Last August, Summerville bought sewing equipment from a defunct lingerie manufacturer. Today the five employees of Sew Sister Fabrics (sewsister.com) crank out a vast range of jobs on 52 separate machines, including single and double needle, serger, zigzag and labeling devices.

Summerville operates the equipment of a much bigger company, but she happily accepts low-volume orders that her larger competitors can't afford to touch. Her typical order is 100 pieces or fewer for a mix of up to six different items, completed in three to four weeks. Revenues are small but growing, Summerville says.

Sew Sister now serves 24 clients, including local designers and a few national retailers. In fact, Summerville was recently forced to turn away several potential clients until she could hire additional employees. But she has no plans to change course. "A lot of folks in this business like to get in the groove of doing the same widget over and over," she notes. "You get faster, but then you box yourself into saying, 'I am just a lingerie manufacturer,' and your other possibilities just collapse."

Find your niche

The larger lesson for small manufacturers? Commodity production equals failure. That's true in most industries, not just apparel. "If you're doing commodity work in steel fabrication today, you're dead," says Drew Greenblatt, 40, CEO of Marlin Steel Wire (marlinwire.com) in Baltimore City, Md.

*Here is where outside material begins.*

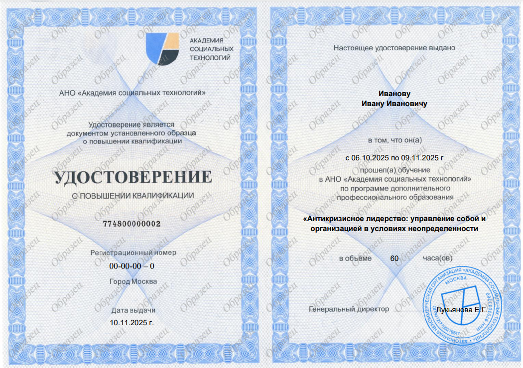 На курсе вы научитесь управлять собой, людьми и процессами в условиях неопределенности. Освоите инструменты стрессоустойчивости, адаптивности и антикризисного управления. Разработаете план действий для своей организации и станете уверенным лидером в нестабильной среде.

Greenblatt should know. When he bought Marlin in 1999, the company made wire baskets for bagel shops, and offshore competitors were devouring the market. Marlin's revenues were at $800,000 and falling. Greenblatt realized he could either reinvent the company or watch it fail. He decided to start producing precision baskets for industrial applications.

One major stumbling block: Because Marlin's baskets were all hand-welded, the company was incapable of producing to tight tolerances. So he invested $1.1 million in robotic welding and bending machines run by AutoCAD software. Today Boeing (Charts, Fortune 500), Pfizer (Charts, Fortune 500) and Toyota (Charts) use Marlin baskets to send delicate parts through washing machines and curing ovens.

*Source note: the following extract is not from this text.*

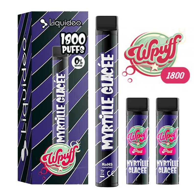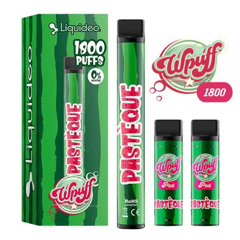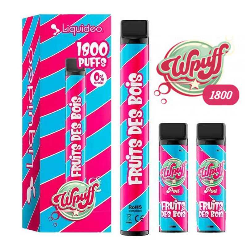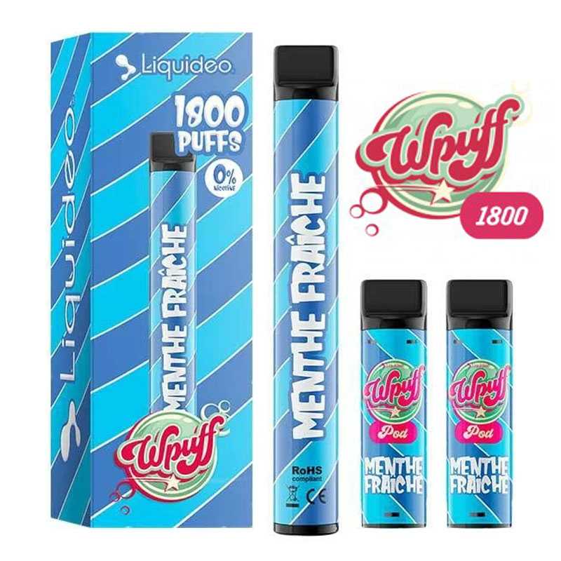 Puff réutilisable Liquideo Wpuff 1800 - Batterie 550mAh - 3 pods 2ml - 600 bouffées/pod - 12 saveurs - 0, 9, 17mg sel de nicotine.

"With bagel baskets, it's not a big deal if you're half an inch off," he says. "But an engineer at Boeing is not going to tolerate parts slipping out of our baskets."

Greenblatt also hired two engineers and trained them to turn drawings around within 24 hours. "In 50 percent of cases I'm shipping product faster than my competitors are sending a second quote," he says proudly.

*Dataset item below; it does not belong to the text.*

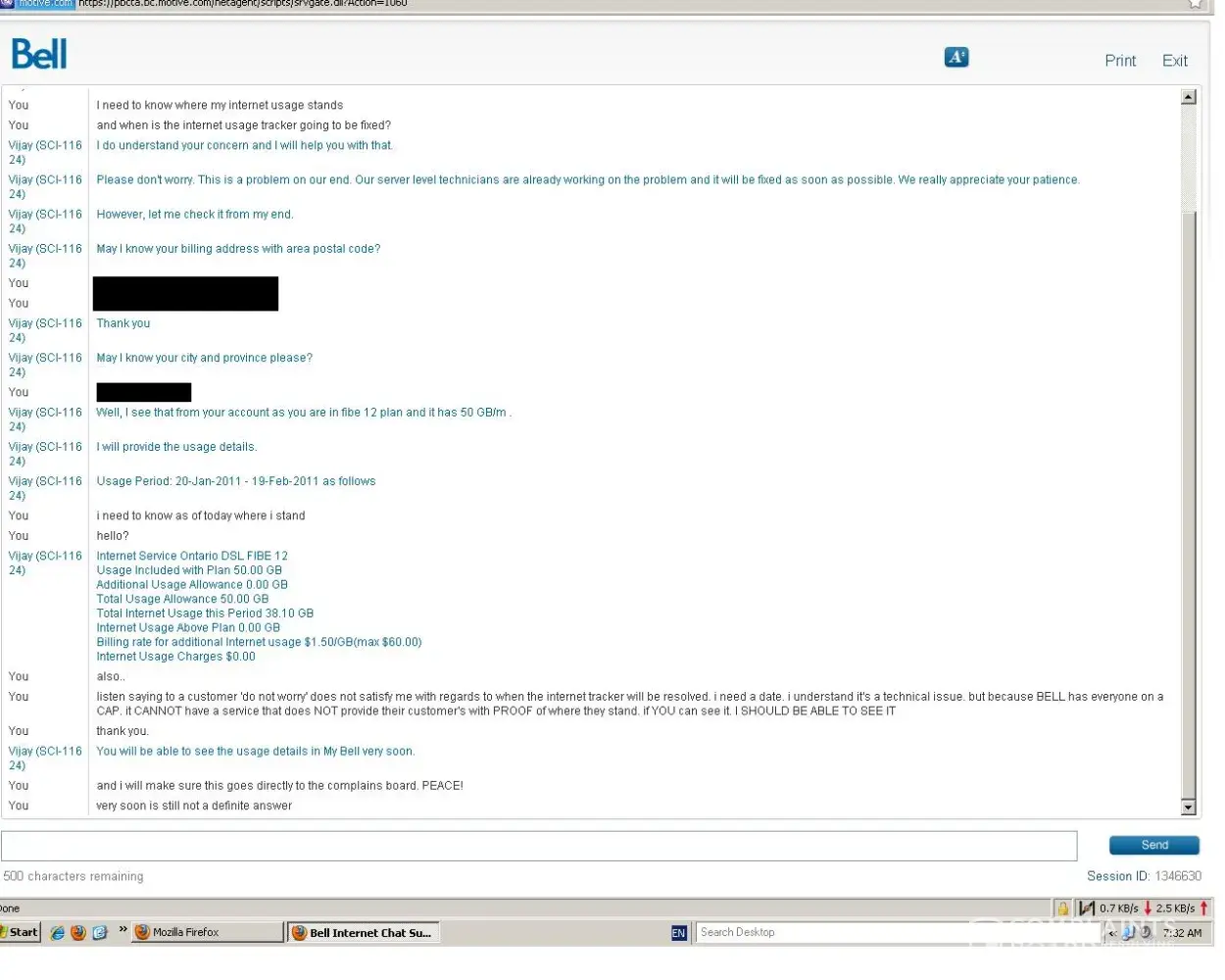 I had a feeling that BELL's representative would be able to see my usage, but I wanted to prove it.

Marlin estimates that sales will hit $3.5 million in 2007, up 46 percent from the year before. "I look for the customer who needs product quick, exact and in quantities that aren't huge," Greenblatt concludes. "If you get those three, it's my sweet spot, and I'm going to beat the Chinese guy every day of the week."

Build where you buy

Speed, precision, and flexibility are three keys to success in modern manufacturing. A fourth is the pursuit of an efficient supply chain. Consider American Bicycle Group (ABG: americanbiyclegroup.com) in Chattanooga. ABG produces titanium-frame bicycles and neoprene wetsuits. Because the best titanium it could find comes from the U.S., the company builds bikes at a factory in Ooltewah, Tenn.

Until recently the wetsuits were produced at a factory in California. The world's best neoprene currently comes from a Japanese company called Yamamoto. As a small manufacturer in California, ABG didn't have much pull with Yamamoto.

"When you're only buying 500 meters a year, you can't push them to develop something new," says marketing director Dean Jackson. So ABG outsourced production to a giant wetsuit manufacturer in China that orders Yamamoto neoprene in bulk. Production costs dropped, and ABG finally had some pull with Yamamoto.

"Everyone else had been working with Yamamoto neoprene Type 39," Jackson says. "We asked for Type 40, and our Chinese factory secured usage of that. We were first to market with this new material."

Back at Specialty Blades, Peter Harris is confident that America's small manufacturers will thrive. "Animals are very good at finding ways to make do in tough circumstances," he says. "Companies are no different. Survival is one of the most important instincts in the world, and if there's a way, they'll find it."